- **Task instructions**: Without any pictures, retype exactly the lines from the one with "Stan do zamieszkania" through the final line of the records.

Data records

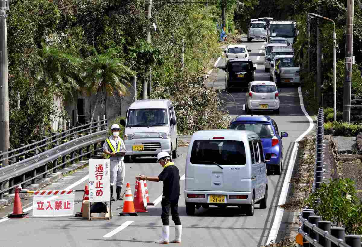 HACHIJO, Tokyo — Two powerful typhoons, Halong and Nakri, or Typhoons No. 22 and 23, struck Hachijojima Island in quick succession last week, causing severe damage including a landslide in the island’s southeastern Sueyoshi district and the collapse of a municipal road. Water and power outages persist, and evacuation orders remain in effect for all of the district’s roughly 230 residents. Locals who returned home temporarily for the first time on Tuesday expressed a heartfelt desire to “return to daily life soon.”
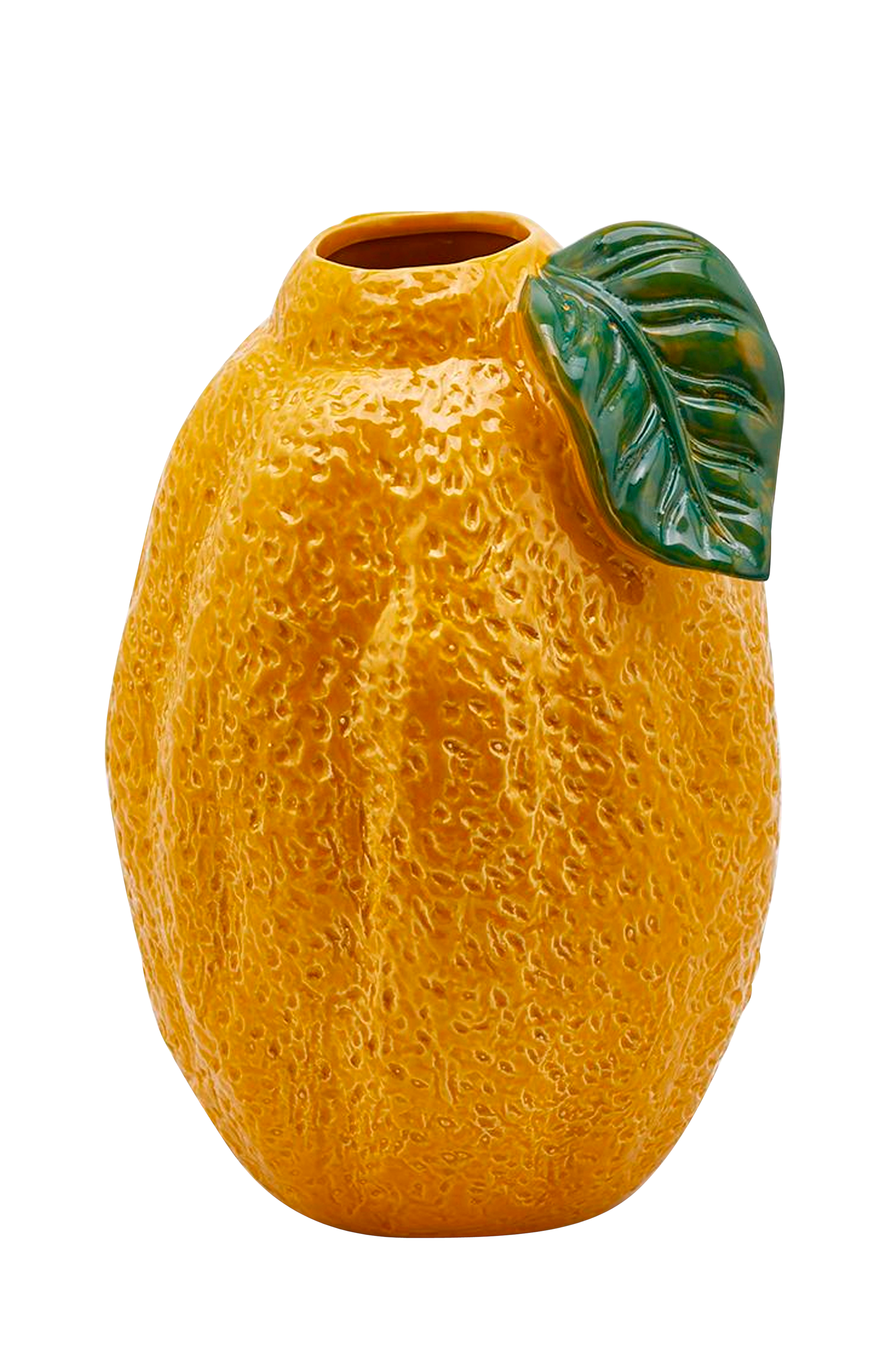 Citroner är en stor trend! Vad kan bli bättre än att ha en underbar vas med formen av en citron. Det gröna bladet på vasen gör den gula färgen ännu mer distinkt. Måtten på denna coola vas i keramik är 30x21 cm.
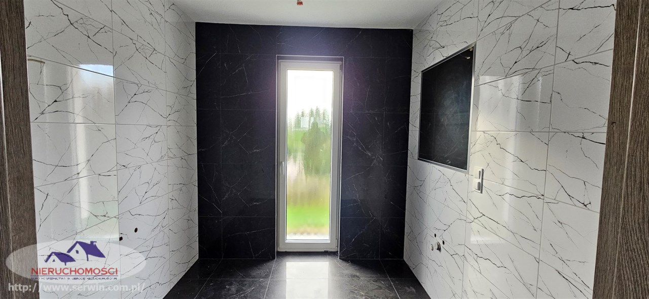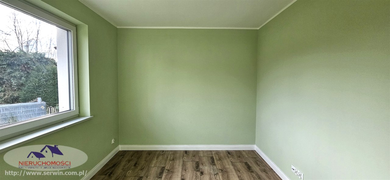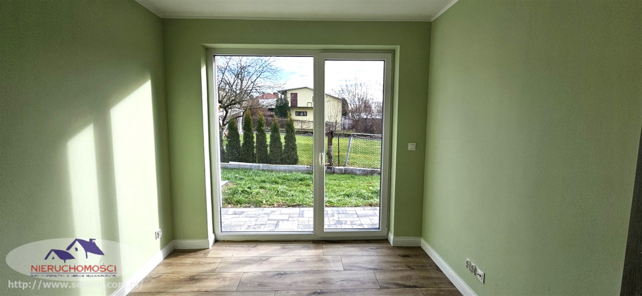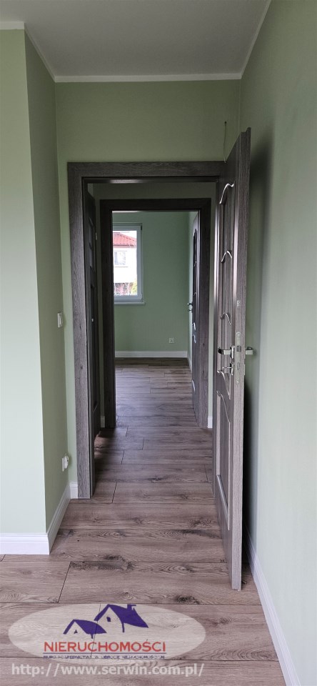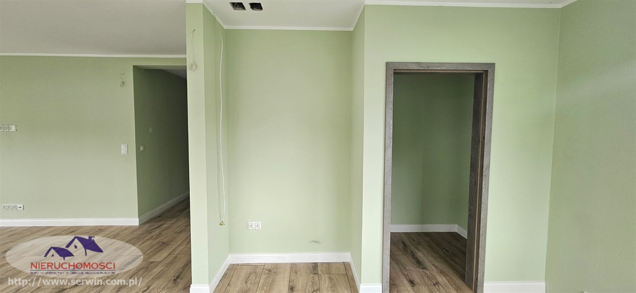 Stan do zamieszkania – wnętrze wykończone: na podłogach nowoczesne panele i płytki oraz stolarka wewnętrzna.
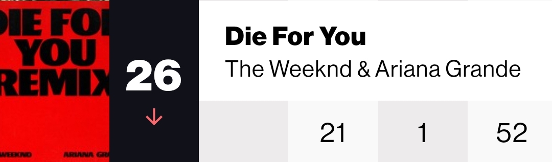 26위 The Weeknd & Ariana Grande - Die For You (52주)
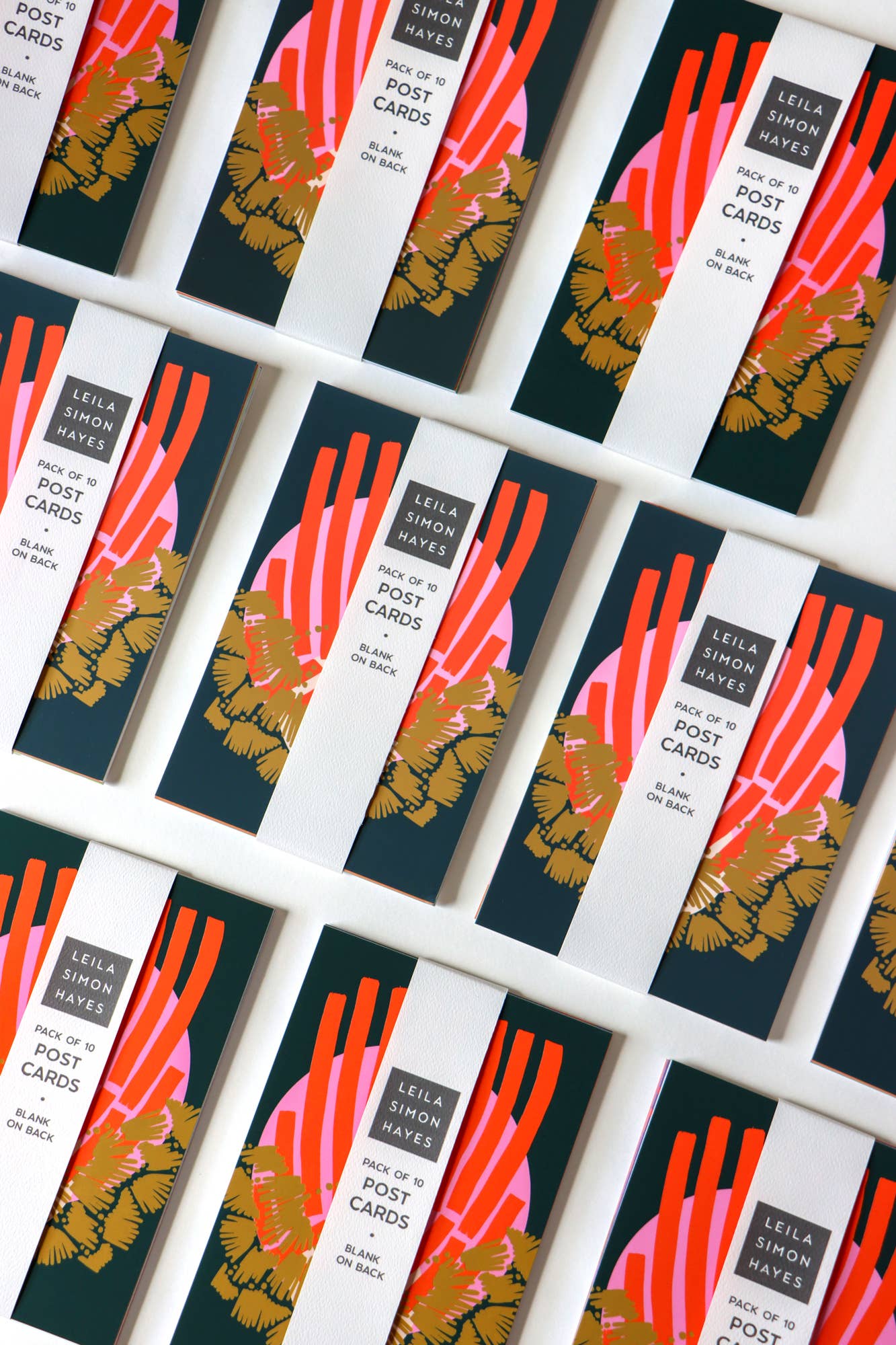 10 postcard pack. 4" x 6", single-sided, blank on back.
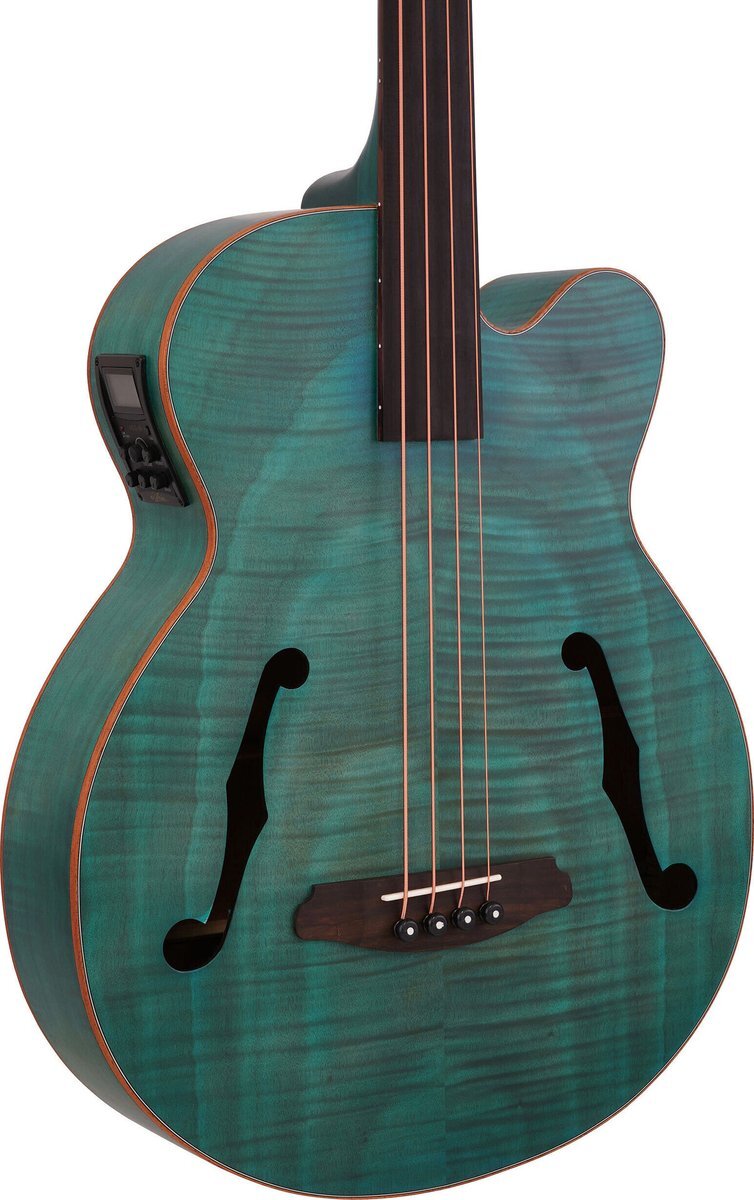 • 4バンドイコライザー、チューナー付きのプリアンプを搭載したアコースティックベースのフレットレスモデル。温かみのある豊かなサウンドが魅力です。ボディにはウッドバインディングを施し、木目をいかしたオープンポアのマット仕上げを採用。アンプを使用してはもちろん、生音でも十分に楽しめます。
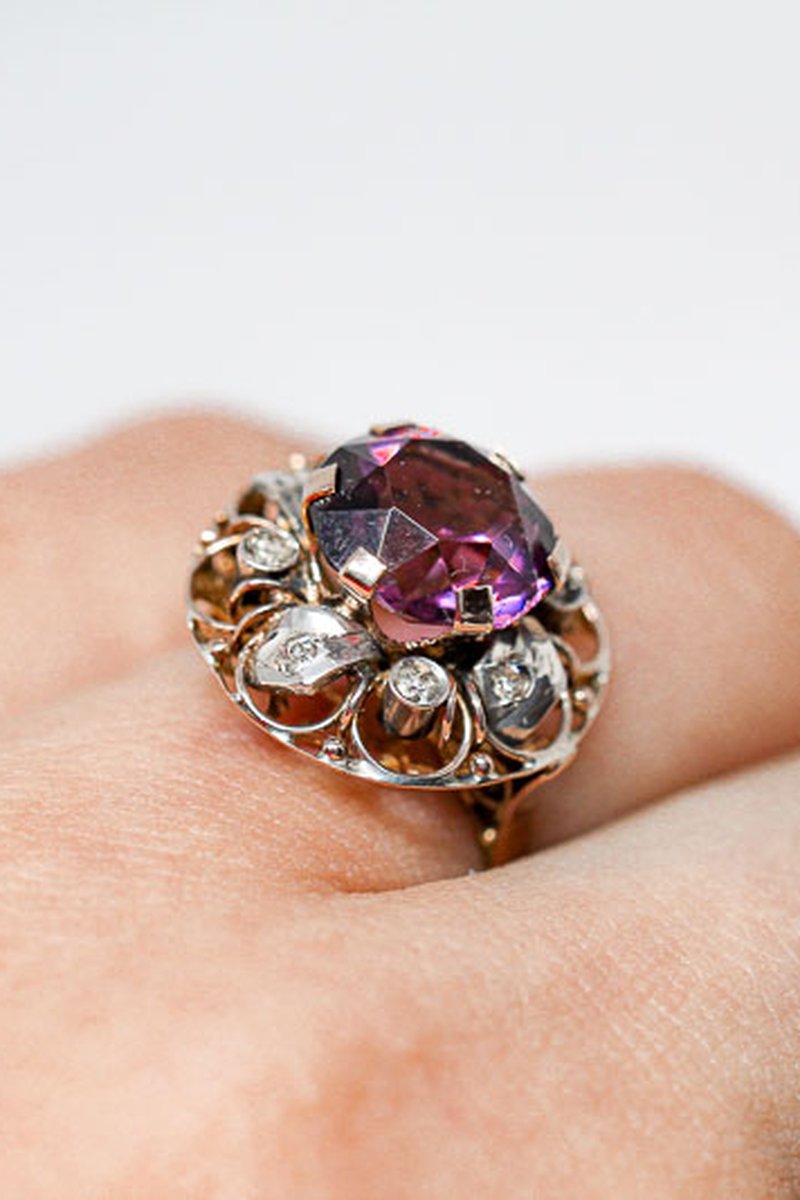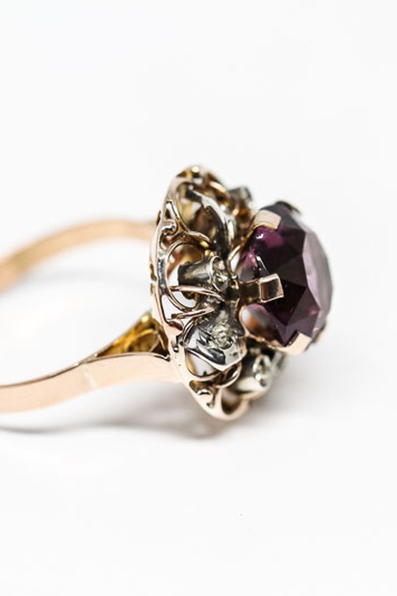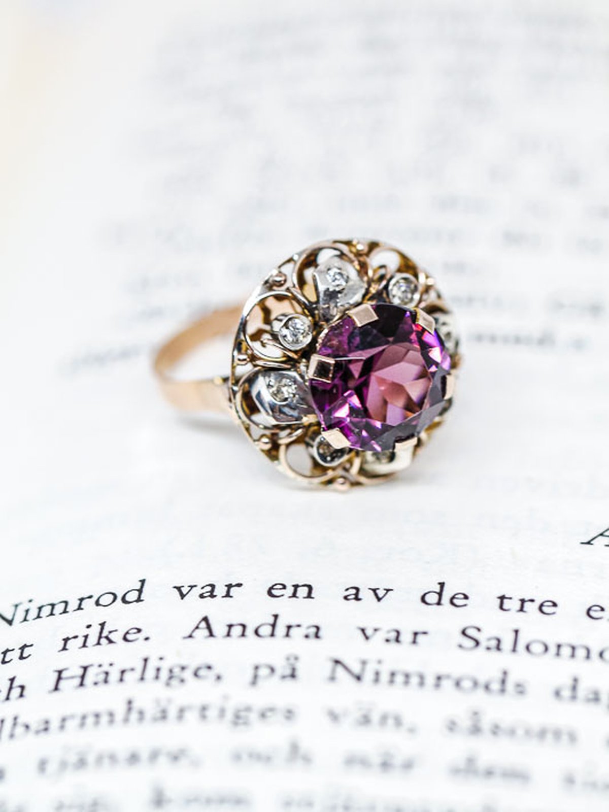 Vacker 14k ring med lila och vita stenar. Går att storleks ändra mot kostnadsförslag vid behov.
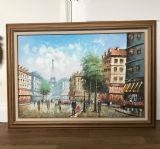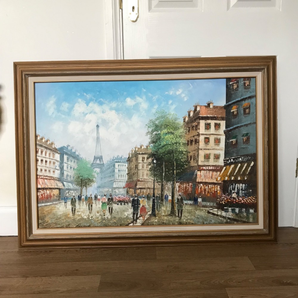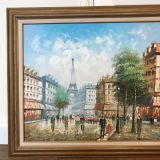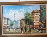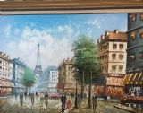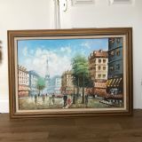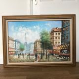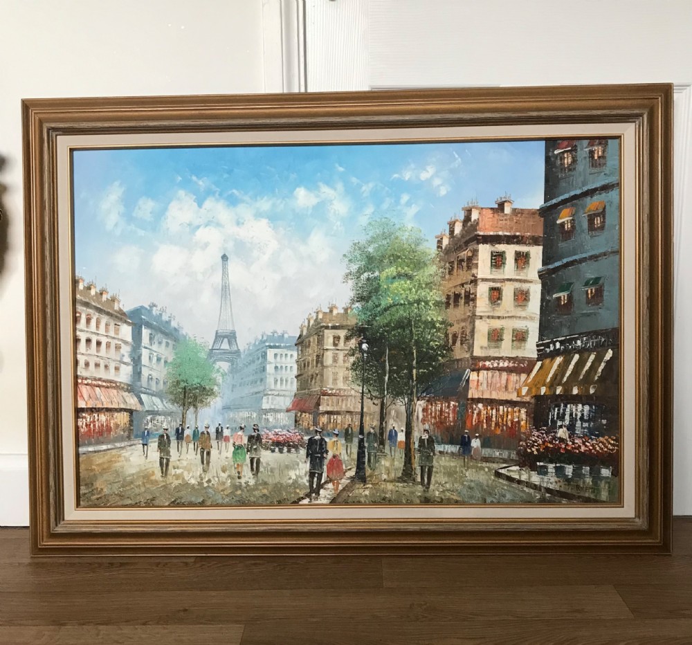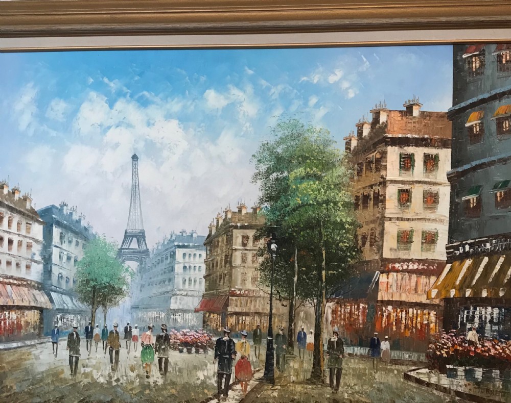 A beautiful large scale original oil on canvas painting of a Parisian street scene with the Eiffel Tower prominent in the background.
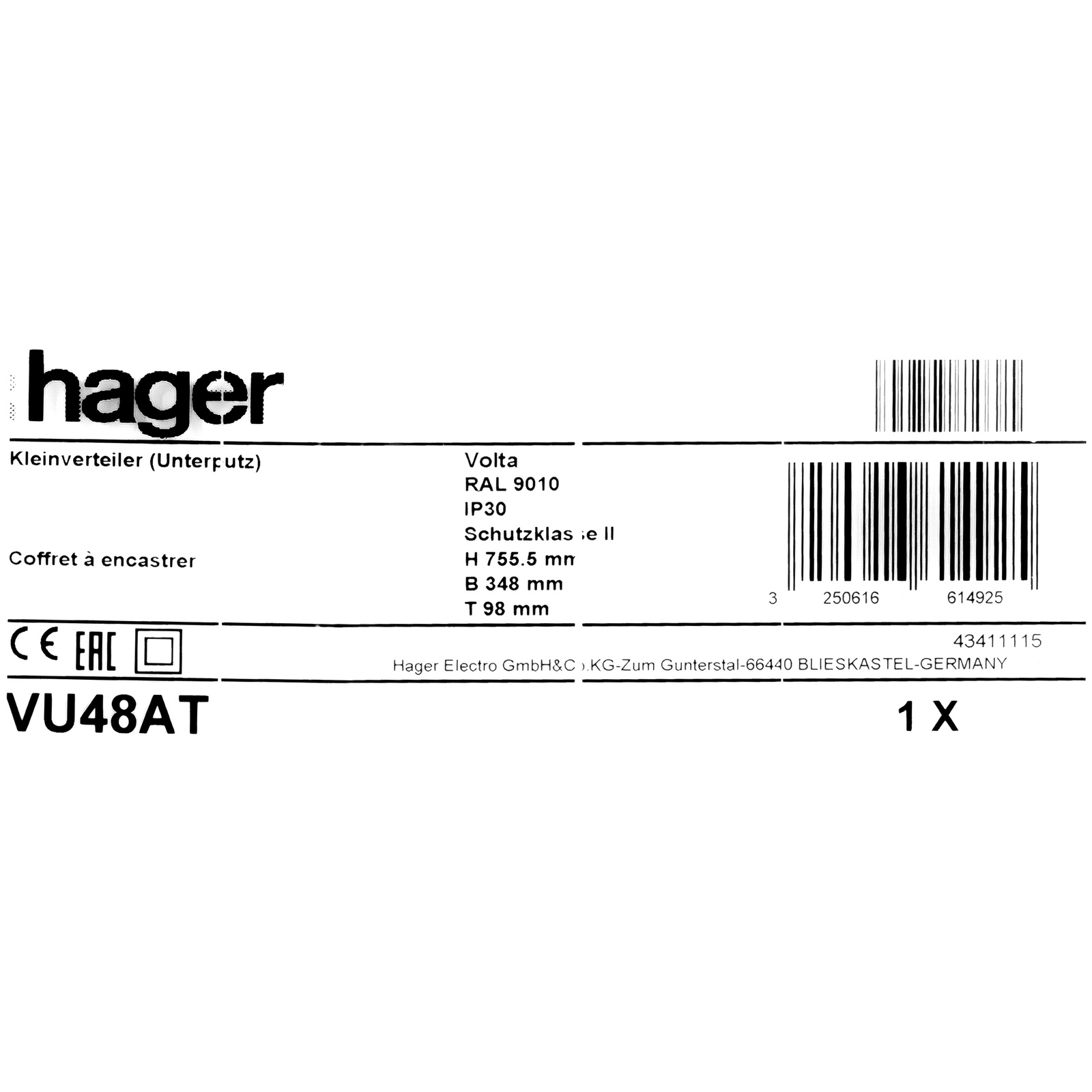 Verteilerschrank Unterputz Sicherunngskasten 4 Reihen 48 Modulen Verteilerkasten Kleinverteiler weiß Hager Volta 4x12 VU48AT
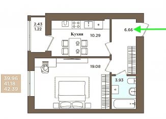Продаю 1-комнатную квартиру, 41.8 м2
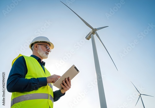 Engineer Working on Wind Farm: Technician Using a Digital Tablet to Monitor a Wind Turbine for Renewable Energy

- **Task output**:
 Stan do zamieszkania – wnętrze wykończone: na podłogach nowoczesne panele i płytki oraz stolarka wewnętrzna.
 26위 The Weeknd & Ariana Grande - Die For You (52주)
 10 postcard pack. 4" x 6", single-sided, blank on back.
 • 4バンドイコライザー、チューナー付きのプリアンプを搭載したアコースティックベースのフレットレスモデル。温かみのある豊かなサウンドが魅力です。ボディにはウッドバインディングを施し、木目をいかしたオープンポアのマット仕上げを採用。アンプを使用してはもちろん、生音でも十分に楽しめます。
 Vacker 14k ring med lila och vita stenar. Går att storleks ändra mot kostnadsförslag vid behov.
 A beautiful large scale original oil on canvas painting of a Parisian street scene with the Eiffel Tower prominent in the background.
 Verteilerschrank Unterputz Sicherunngskasten 4 Reihen 48 Modulen Verteilerkasten Kleinverteiler weiß Hager Volta 4x12 VU48AT
Продаю 1-комнатную квартиру, 41.8 м2
 Engineer Working on Wind Farm: Technician Using a Digital Tablet to Monitor a Wind Turbine for Renewable Energy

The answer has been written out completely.